The judge disallowed the objection for reasons which he gave in Ruling No 4.[4] As his Honour observed, Mr Houlihan’s evidence was of two parts: the first to do with the applicant’s conduct and statements before 10 July 2006; and the second with his conduct and statements after 10 July 2006, specifically, on 11 July 2006 in two telephone conversations with Mr Houlihan initiated by the applicant.
[4][2008] VSC 243.
The judge considered that the first part was relevant because, if accepted, it demonstrated ‘an animus by the accused concerning his matrimonial and financial affairs which in 2000 were handled by Mr Robinson’ and thus bore ‘upon the emotional pathway which the prosecution [contended] led the accused to attempt to torch the premises of Mr Robinson at the front and back on 10 July 2006’. And his Honour considered that the second part[5] was relevant because, if accepted, it demonstrated that the applicant was of a mind to seek revenge against his former wife and her husband on account of ‘the property settlement’, an expression which the judge said could be interpreted as meaning ‘the whole property consequence and including the failure by Mr Robinson to ensure that the agreement was binding and the disaster financially for Mr Glascott from that failure’.
[5]Which was effectively all to do with Mr Houlihan’s conversations with the applicant on 11 July 2006.
The judge rejected defence counsel’s submission that the evidence was shown to be irrelevant by the fact that, by mid 2006, the only proceedings in which the applicant was still involved with his former wife were to do with access rather than property, and that the deceased had nothing to do with the access as opposed to property. His Honour took the view that so to approach the matter would be to divide the two aspects of property and access artificially into ‘hermetically sealed separate categories’, and that it was:
… a fallacy … to seek to separate … Tina and Josh Davine on the one hand, and Mr Robinson on the other. True it is that they are entirely separate camps; but the prosecution's submission is that the accused had an animus holistically, that is to say there was a constellation of persons, part of which was his own incompetent lawyer [the deceased], and I consider that is admissible and probative and can be put by the Crown in that way. So the separation by [counsel for the applicant], which on its face is correct is, in my view, inefficacious because it is the group, the constellation, the holism, which is what the Crown properly can rely upon.[6]
[6][2008] VSC 243 [10].
The judge did accept, however, that Mr Houlihan should not give evidence that the applicant told him that he ‘had been forced to bring forward something he had intended to do in the future’. His Honour considered that the statement was too vague and speculative and had the potential to cause the applicant prejudice. His Honour also ruled that Mr Houlihan should not say that the applicant told him: ‘The war's over’. In his Honour’s view, that was ‘speculative as to what it refers to’ and had ‘a particular potency and could have a life of its own in the jury room [which] could lead to unfairness as well as speculation’.

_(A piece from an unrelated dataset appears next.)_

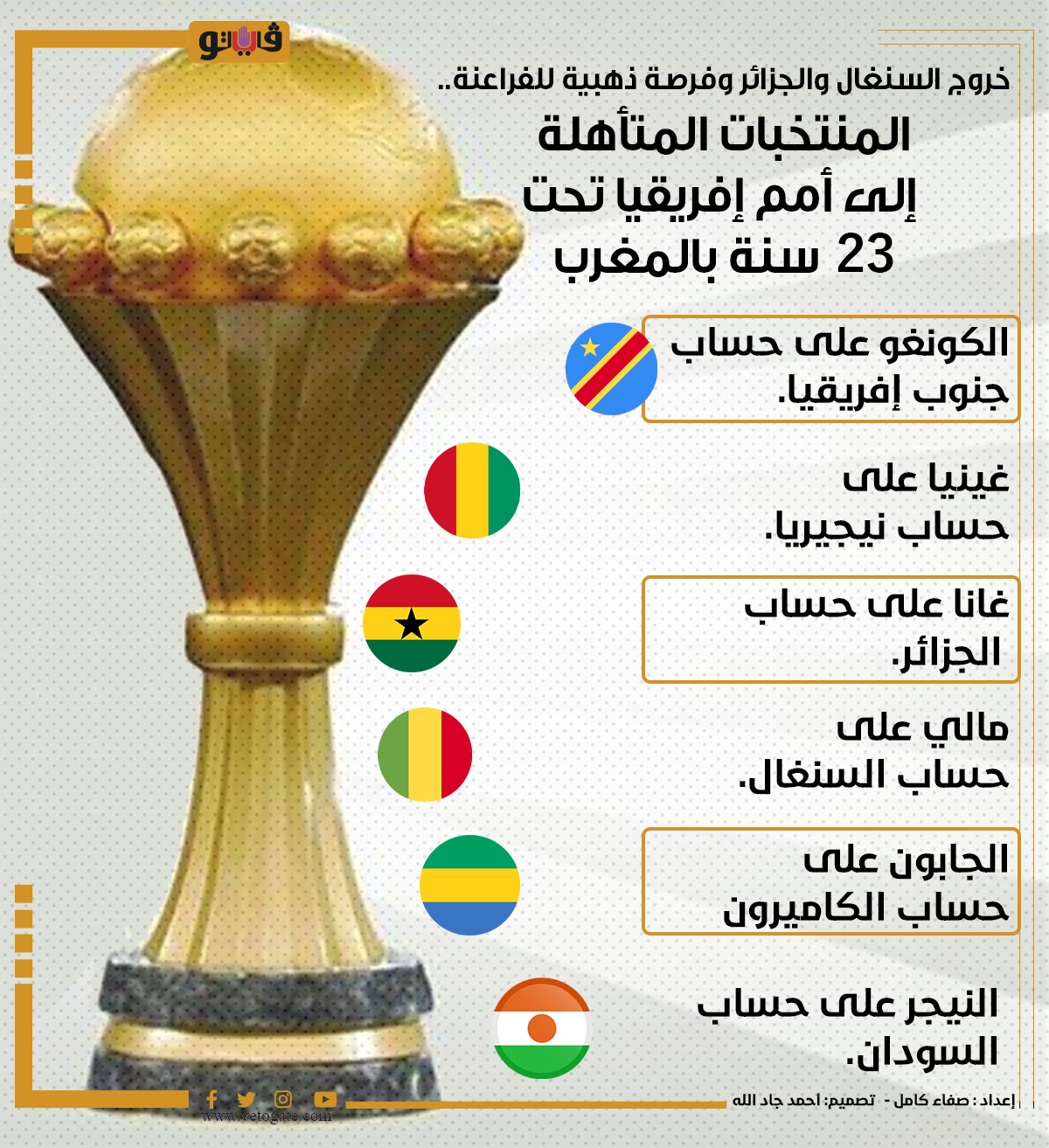 خروج السنغال والجزائر وفرصة ذهبية للفراعنة.. المنتخبات المتأهلة إلى أمم إفريقيا تحت 23 سنة بالمغرب (إنفوجراف)

With respect, we see no error in that part of his Honour’s reasoning. We agree with his Honour, for the reasons he gave, that Mr Houlihan’s testimony was relevant because it showed that the applicant thought himself to have been wronged by Mr Robinson and, in turn, because that served to establish that the applicant had reason to cause Mr Robinson harm.
Ground 4: Edwards and Zoneff directions
Under the heading of Ground 4, the applicant contended that the judge erred in failing to give the jury Edwards[7] and Zoneff[8] directions.
[7]Edwards v The Queen (1993) 178 CLR 193.
[8]Zoneff v The Queen (2000) 200 CLR 234.
That contention is misplaced. The Crown did not rely on any post-offence conduct as evidence of consciousness of guilt and there was no evidence of post-offence conduct which the jury might conceivably have viewed as having that tendency. There was no occasion, therefore, for an Edwards direction or a Zoneff direction.
Ground 5: Fitness to plead
The applicant contended as Ground 5 that the judge erred in failing to consider whether the applicant was fit to stand trial.
That contention is unfounded. The issue of fitness to stand trial only ever arose on one occasion during the course of the trial and, when it did, the judge gave it active consideration. The trial began on 5 May 2008 and, after several witnesses had given evidence, on the morning of 14 May 2008 defence counsel told the judge in the absence of the jury that, when he and his instructing solicitor had consulted with the applicant before court that morning, the applicant was ‘quite suicidal’. The judge forthwith adjourned the trial to the next day to allow defence counsel and his instructing solicitor to determine what was to be done.
The next morning, defence counsel told the judge that the applicant:
looks a lot better today than he did yesterday and he tells me this morning he’s feeling better.
and that :
the problem that we have at the moment is whether he is fit to give proper instructions – they’ve changed again this morning.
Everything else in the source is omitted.